Savard has been a major figure in the team's resurgence.
Yale has as many wins in the past three seasons (39) as in the prior six seasons combined. Yale won a school-record 16 games during Savard's sophomore season, when the Bulldogs advanced to the conference semifinals for the first time in school history. Savard had 9 goals and 14 assists that season and was presented with the Coach's Award for grit and determination.
That season also featured Yale's first win against Harvard since 1984, the year before Savard was born. And Yale's 4-2 decision against Princeton in the 2004-2005 regular-season finale earned the Bulldogs home ice advantage for the conference quarterfinals for the first time since the women's varsity ice hockey team was started 29 years ago.
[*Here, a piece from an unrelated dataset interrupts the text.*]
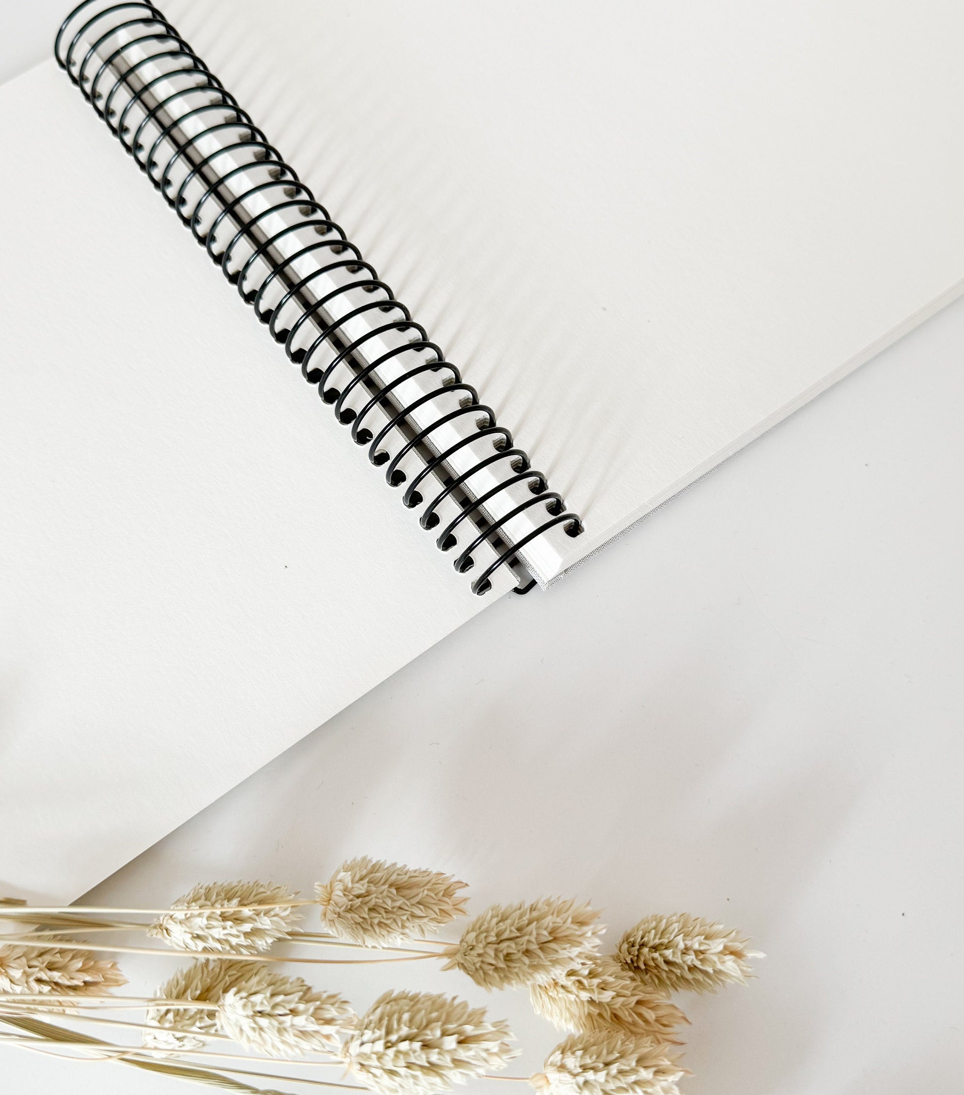 Mit 40 leeren Seiten bietet das hochwertige Spiralbuch aus Leineneinband reichlich Platz für Fotos, Texte und persönliche Erinnerungen.

Savard, whose community service efforts have included tutoring and volunteering with Relay for Life, is looking forward to her summertime venture with Imagine Chicago. Her specific project is to help promote maternal health. She might also go to South Africa later in the summer to take part in a related volunteer effort.
But she won't put away the skates despite a change of seasons and venue. ''One of my teammates is from Chicago," said Savard, ''so we'll be skating together there."